Всю жизнь из-за этого страдал и мучился Клаусс (близнец, которого разыскивает вернувшийся из Австрии на родину после открытия границы Лукас, взявший себе имя Клаус в память о брате). Клаусс не смог простить своих страданий и не захотел признать в Клаусе своего близнеца, подтолкнув его тем самым к самоубийству. Узнав, что брат бросился под поезд, Клаусс думает: “Поезд — это хорошая мысль”. Это последняя фраза в завершающей трилогию “Третьей лжи”.

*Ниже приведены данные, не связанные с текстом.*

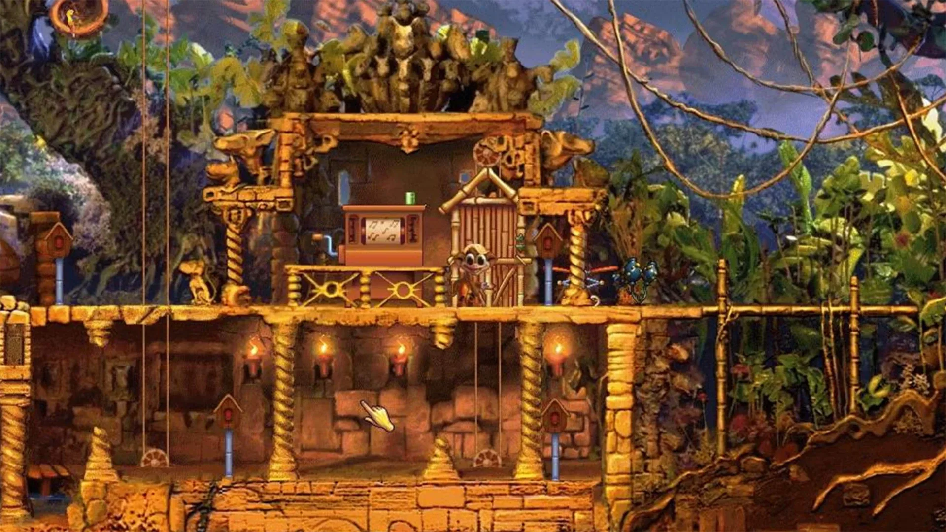 Discover a large, living landscape - the surface a world called Albia. You exist in this world only as a virtual presence, a sort of remote-control existence, which the computer portrays as a hand-shaped mouse cursor. In this world are a range of locations and strange creatures, related loosely (and with considerable poetic license) to Northern myth. You begin near to the long-abandoned home of a family of Norns (small furry creatures), where a few eggs, languishing in a broken-down incubator, are almost all that remains of the Nornir race.

Этот роман был написан уже после падения Берлинской стены, и его трагическое мироощущение говорит нам о том, что каменная стена непрощения остается незыблемой в сердцах людей. “Кому что, но я отворачиваюсь от карнавала всех десятилетий нашего века, потому что у меня сильно развито чувство газовой камеры, лагеря, застенка и гнусной литературы, знающей, что надо видеть, а на что следует закрывать глаза” — эти слова могла бы произнести Агота Кристоф вслед за Надеждой Мандельштам. И тот, кто прочитает книгу, действительно найдет в ней эти зловещие тени времени: “газовую камеру, застенок, лагерь и… гнусную литературу”, которой всеми силами хочет противопоставить свои книги автор. Вот почему не надо слишком досадовать на столь мрачную картину, нарисованную им. Хочется верить, что это не дань моде, не конъюнктура, а действительное стремление сказать правду о человеческом сердце и его ранах, какой бы тяжелой она ни была.